Naunyn-Schmiedebergs archives of pharmacology 386 (2013), Supplement 1, pp.S6
ISSN: 0028-1298
ISSN: 1432-1912
Deutsche Gesellschaft für Experimentelle und Klinische Pharmakologie und Toxikologie (Annual Meeting) <79, 2013, Halle/Saale>
Journal Article, Conference Paper
Fraunhofer ITEM ()

Although within the REACH regulation a comprehensive toxicological data set is required for risk assessment it is stipulated that animal experiments are to be avoided whenever possible. Thus, methods that allow predicting the inherent toxic properties of chemical substances are needed. The aim of the present project is to develop an innovative strategy for setting up categories that will enable a toxicological assessment for repeated-dose administration. Based on published in vivo studies, identical toxicological properties of chemicals (toxicological fingerprinting) in combination with similarity in the chemical structure shall be used to group substances in categories. This 2-dimensional matrix will then allow the toxic properties of untested chemical materials to be estimated. The prediction rules will be implemented in a publicly available product that is able to assign chemicals to categories and thus maps to anticipated toxicity insilico.
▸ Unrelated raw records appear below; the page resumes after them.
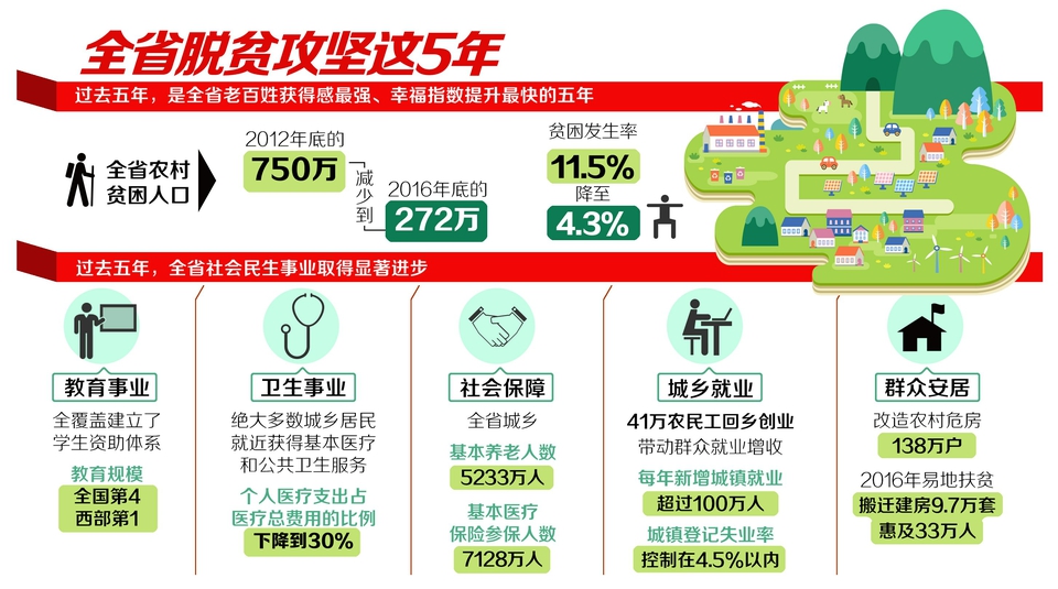 過去的五年,是全省老百姓獲得感最強(qiáng)、幸福指數(shù)提升最快的五年。脫貧攻堅(jiān)取得階段性重大成就,去年四川脫貧攻堅(jiān)工作被國家列為綜合評價(jià)好的8個省份之一。全省農(nóng)村貧困人口從2012年底的750萬減少到2016年底的272萬,貧困發(fā)生率從11.5%降至4.3%。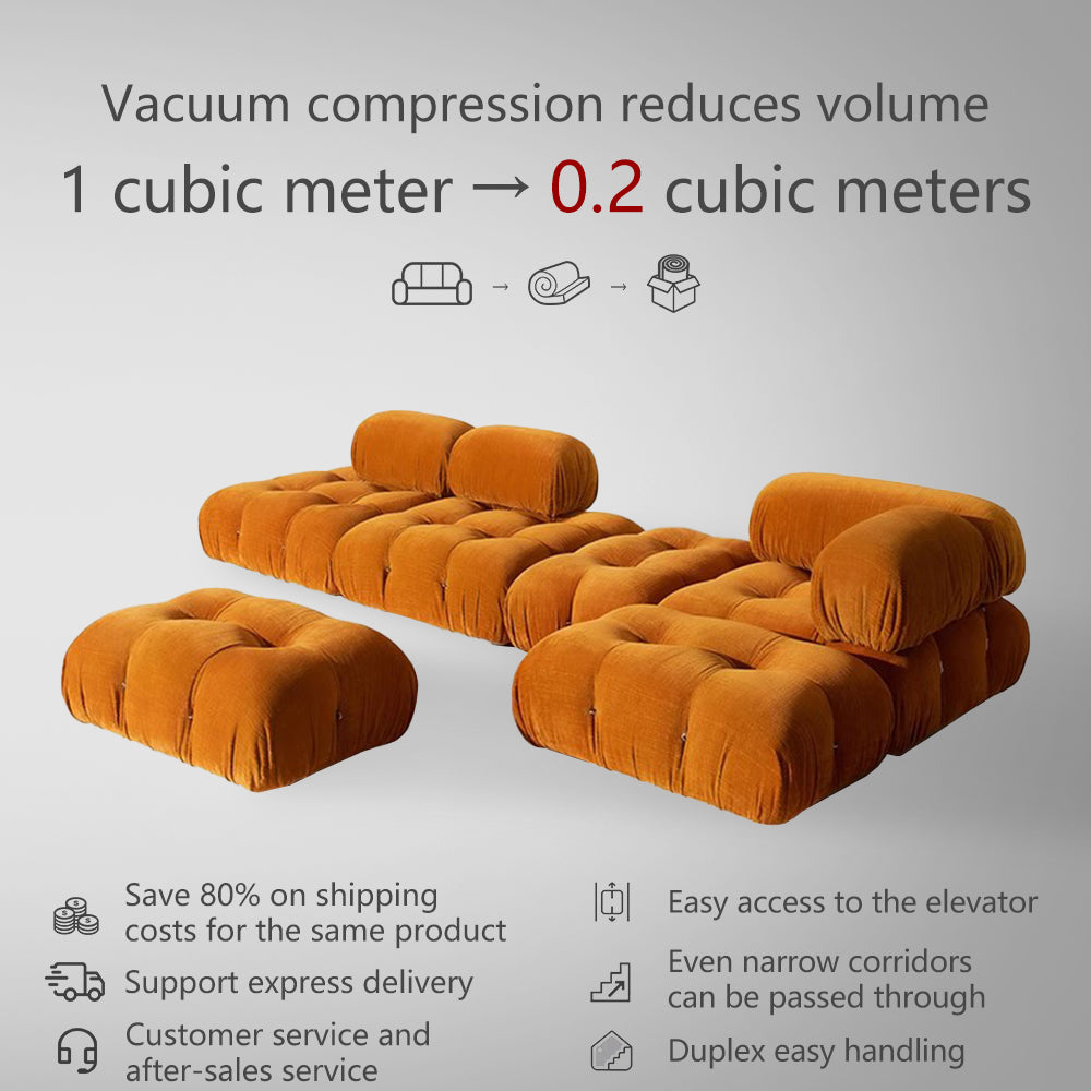 Vacuum Compression Straight Block Cream Fabric Sofa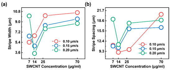 (a) shows the SWCNT stripes width as functions of the concentration and withdraw speed; (b) is the SWCNT stripe spacing as functions of the concentration and withdraw speed.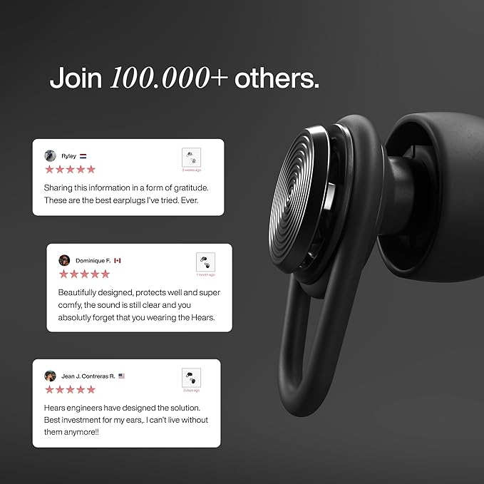 - Superior noise reduction: Hears earplugs offer 20dB (SNR) reduction, effectively eliminating damaging sound waves while maintaining crystal-clear audio quality for an immersive music experience.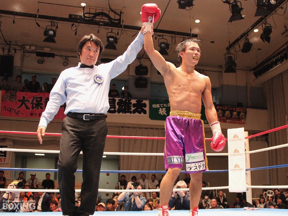 熱戦が続いた25日の後楽園ホール。「DANGAN168Tomorrow's Champion32」のセミファイナルではフライ級8回戦、日本同級1位のユータ松尾(27=国際)と2013年全日本フライ級新人王の大保龍斗(21=横浜さくら)が対戦した。勝てば来年のチャンピオンカーニバルでのタイトル挑戦が濃厚な松尾の戦いに視線が注がれた。

The data basis for these developments consists of two independent data bases for industrial chemicals (RepDose and Neustoff). In a first step those data which are suitable had to be extracted in a so called homogeneous subset and for any exclusion the criteria had to be clearly defined. In a second step it was decided to merge both data bases at this point to enhance the applicability domain. Two independent sets were created in a random selection process - one for model development and a second one for validation. At present a dataset of about 800 chemicals tested in more than 900 studies is available for modeling. On this basis data clustering is performed on structural and on toxicological basis at the moment. Recurring problems and discussion points in the clustering process is the handling of "missing values". Different clustering strategies are followed so far and software is available which can be shared by all project partners.
Furthermore, prediction models for specific organ toxicity are evaluated. Refinement of the datasets and continuous adaptation of the processes is ongoing work at the moment.